As I approached I was made even more nervous as the person looked at my receipt and barked, ‘You’re late!’ He rummaged around under the counter, pulled out a white folded judo suit and almost chucked it at me. This, I soon discovered, was Percy Sekine – the beginners’ course instructor. He was a small man of about 5’6″; weighing perhaps eight stone, and was of Japanese and British parents. His wife was the daughter of Gunji Koizumi the Budokwai founder. Percy was also an ex-British judo international. Like many of them in that club he had quite a history. Later I learned that during the war he had made one of the great classic escapes from a German prisoner of war camp, along with another London judo man called Eric Dominy […]

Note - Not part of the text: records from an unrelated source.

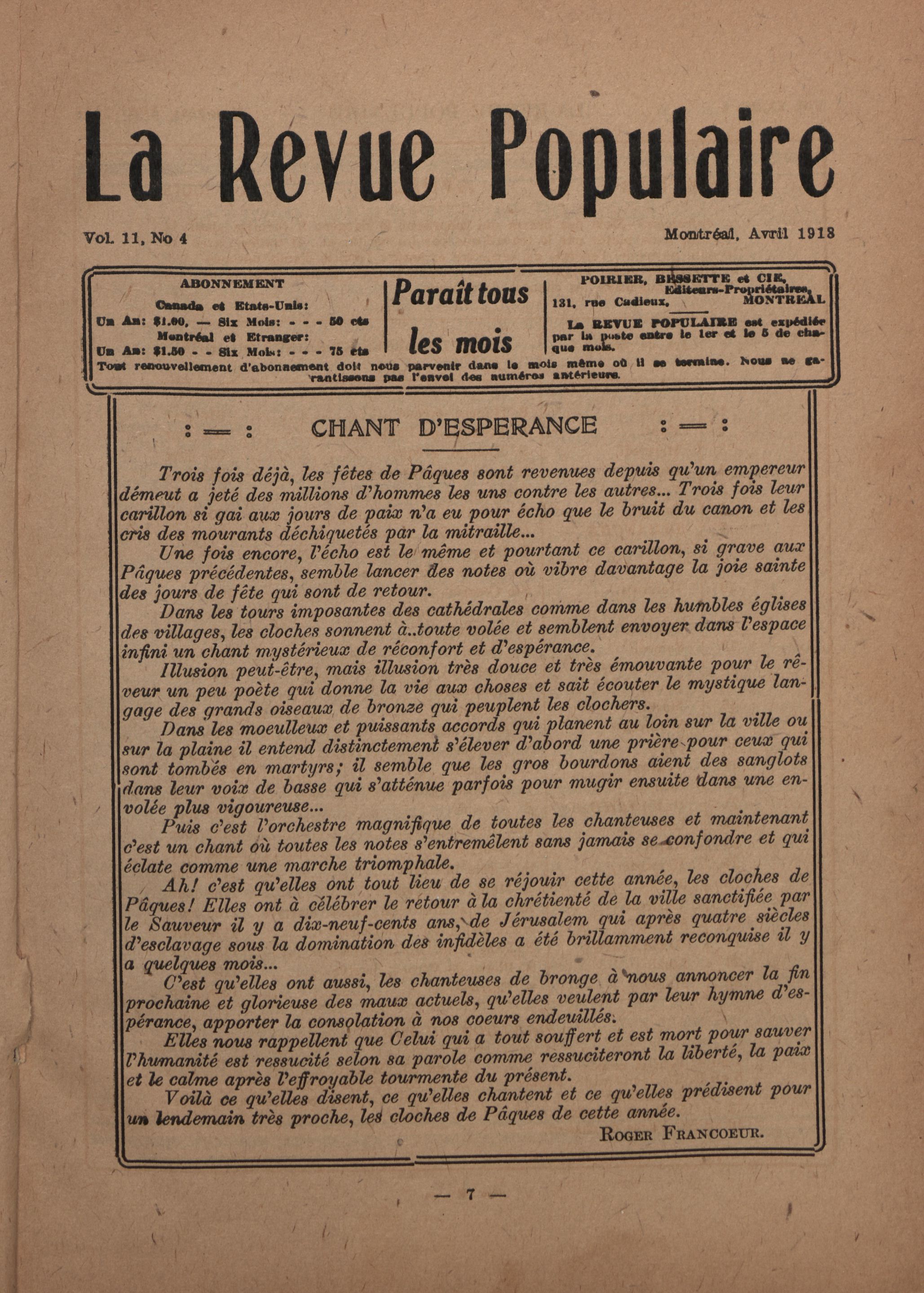 La Revue populaire. : La revue populaire : Vol. 11, No 4 (Avril 1918)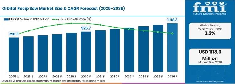 The global Orbital Recip Saw Market is witnessing steady expansion, supported by rising construction activity, technological advancements, and the rapid adoption of cordless power tools. According to recent analysis, the market was valued at USD 790.80 million in 2025 and is projected to reach USD 816.11 million in 2026. Over the long term, it is expected to grow to USD 1.12 billion by 2036, registering a CAGR of 3.20%.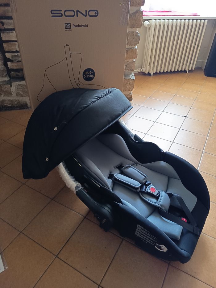 cosy neuf, que je n'ai jamais utilisé. Toute les informations nécessaires sont sur le papier rose dans les photos plus haut. Aussi bien pour la voiture que pour une poussette. Pour enfants jusqu'à 13 kilos. De la marque casualplay.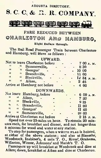 The South Carolina Canal and Rail Road Company was a railroad in South Carolina that operated independently from 1830 to 1844. One of the first railroads in North America to be chartered and constructed, it provided the first steam-powered, scheduled passenger train service in the United States.[1]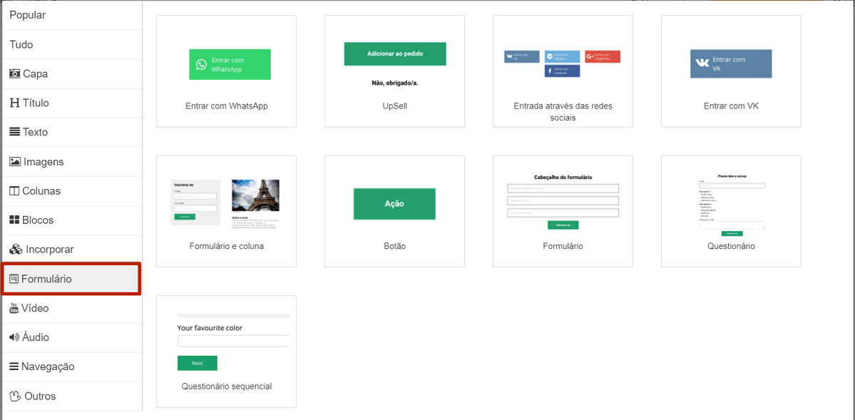 Para adicionar um formulário à página, vá até a seção "Formulário" e selecione o de sua preferência: formulário comum, formulário e coluna, botão ou questionário.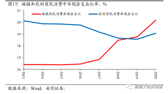 可以看到,2018年后,农村与城镇居民在消费支出中的现金占比基本一致,显示城乡居民消费模式在市场化程度方面基本趋同。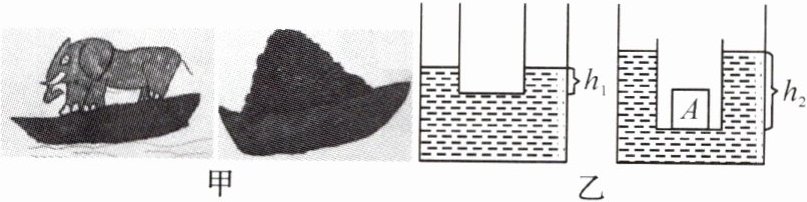 10.(2024·泸州开学考试)如图甲展示了一个广为人知的历史故事“曹冲称象”。将大象和石子分别放在同一船上,通过观察两次船的吃水深度来判断大象和石子的__________(选填“质量”或“体积”)是否相等,在小明学习了浮力的知识后,明白了其中的道理。受此启发,他设计了如图乙所示的方法测量物体$A$的质量,已知塑料盒的底面积为10 cm²,$h_{1}$大小为5 cm,$h_{2}$大小为13 cm,则物体$A$的质量为______g;放入$A$物体后,水对塑料盒底的压强为__________Pa(已知$\rho_{水}=1.0×10^{3}$ kg/m³,$g$取10 N/kg)。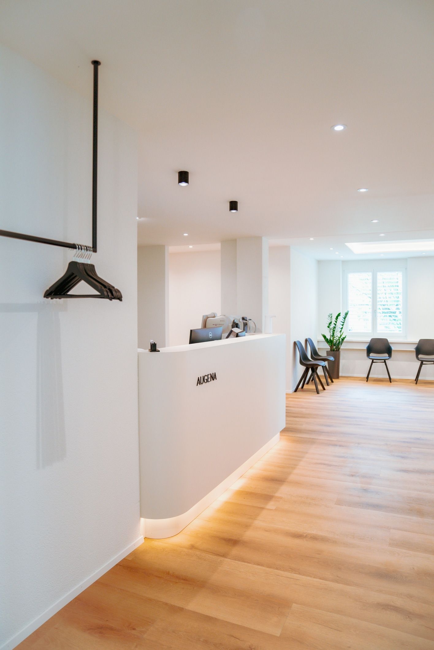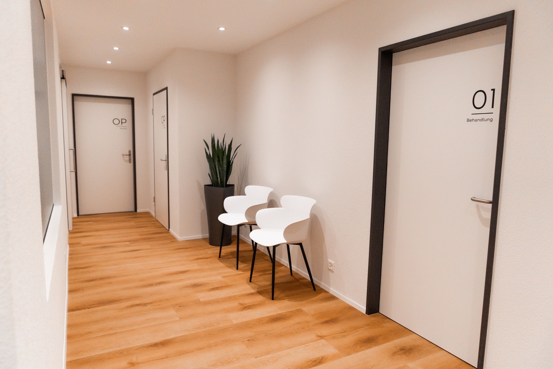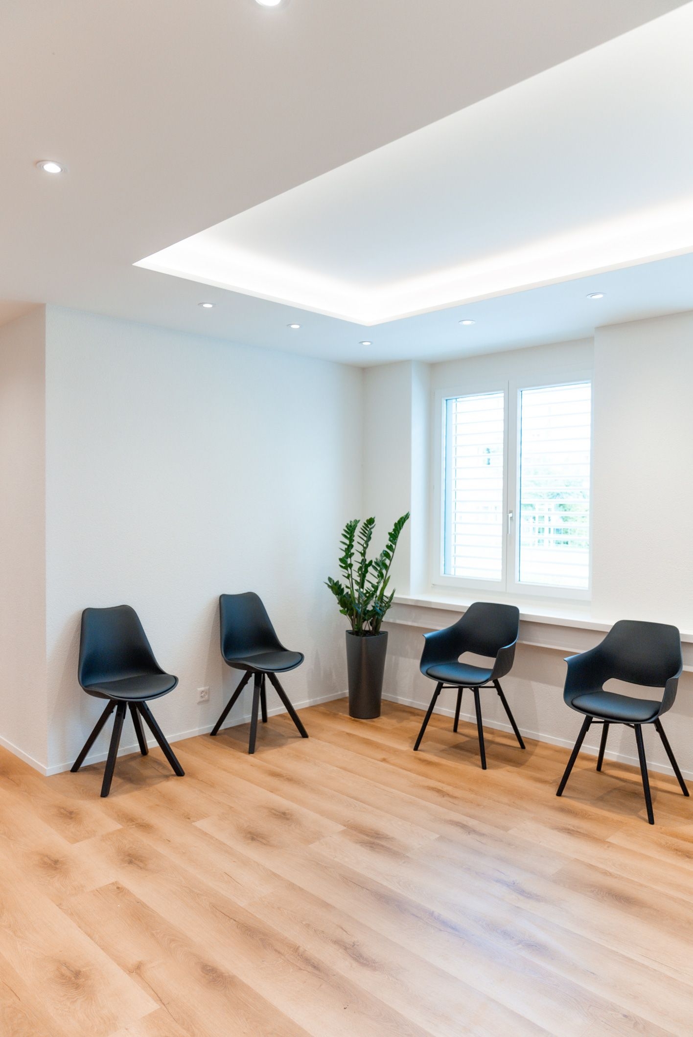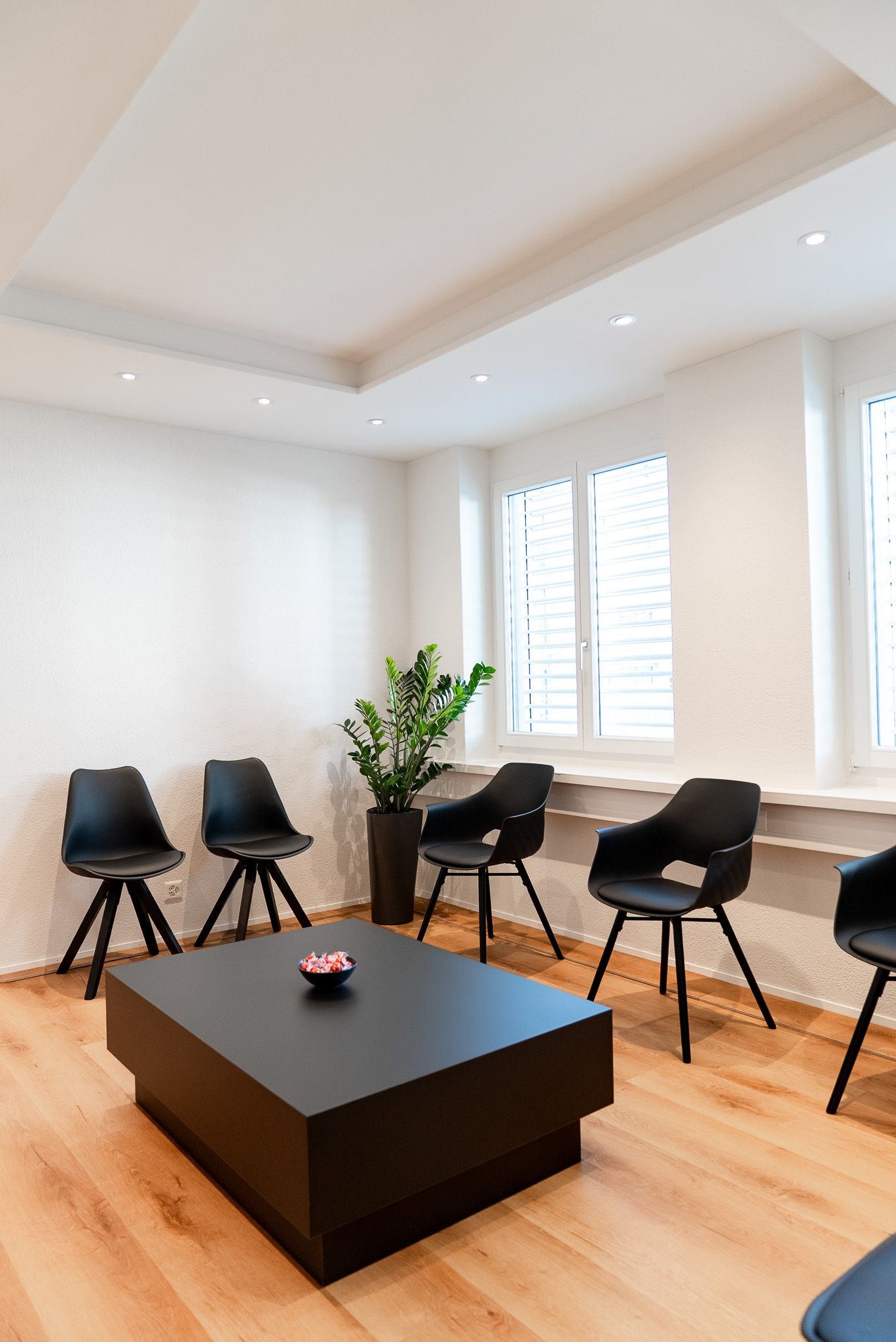 Mit einem klaren Fokus auf minimalistische Ästhetik im Boutique-Praxis-Stil haben wir den gesamten Designprozess – von der Planung bis zur Realisierung – übernommen. Massgeschneiderte Schreinerarbeiten in leichten, hellen Nuancen und weichen Formen, kombiniert mit Eichenholz, schaffen eine aufgeräumte Umgebung und fügen sich nahtlos in das Raumkonzept ein. Das durchdachte Lichtkonzept akzentuiert den warmen Charakter der Räume. Der gezielte Einsatz dunkler Kontraste unterstreicht den sportlichen Charme der Unternehmensphilosophie und verleiht dem Design zeitlose Eleganz. Das Herzstück ist die Deckenerhöhung im Wartebereich, die durch indirektes Licht dem Raum mehr Luftigkeit verleiht.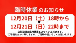 お知らせ 【臨時休業のお知らせ】20日(土)の18時から21日(日)の22時まで休業いたします。

In the first lesson Percy demonstrated how to fall safely, how to hold our partner and how to move around the mat. ‘Never’, he warned us, ‘cross your feet or stand with your feet too close together. Most of your weight should be on the balls of your feet with the back of the foot just brushing the mat’. After that he showed us a couple of throws, a thirty-second ground immobilisation hold, one armlock and one strangle (each was representative of the four main ways of defeating an opponent). Then he selected the biggest man in the class, threw him to the mat and pinned him to the ground. The man, who must have been about fifteen stone (95 kg), was ordered to get up. He struggled in vain as his face turned bright red, and all the while this poor unfortunate man wriggled beneath Percy’s diminutive form. Percy instructed us nonchalantly in the details of the hold, ‘Tuck his arm tightly under yours, lean on the floating ribs – that will restrict his breathing, take your right arm round his neck and lift his head off the mat, spread your legs wide, then make sure you stay on top – like riding a horse.’ From this hold he casually moved on to an armlock, and the man yelped in surprise. My mouth fell open. This, as my jujitsu books had said, was indeed how the small man could beat the bigger man. From that moment on my appetite for judo was insatiable, and I started to live it night and day.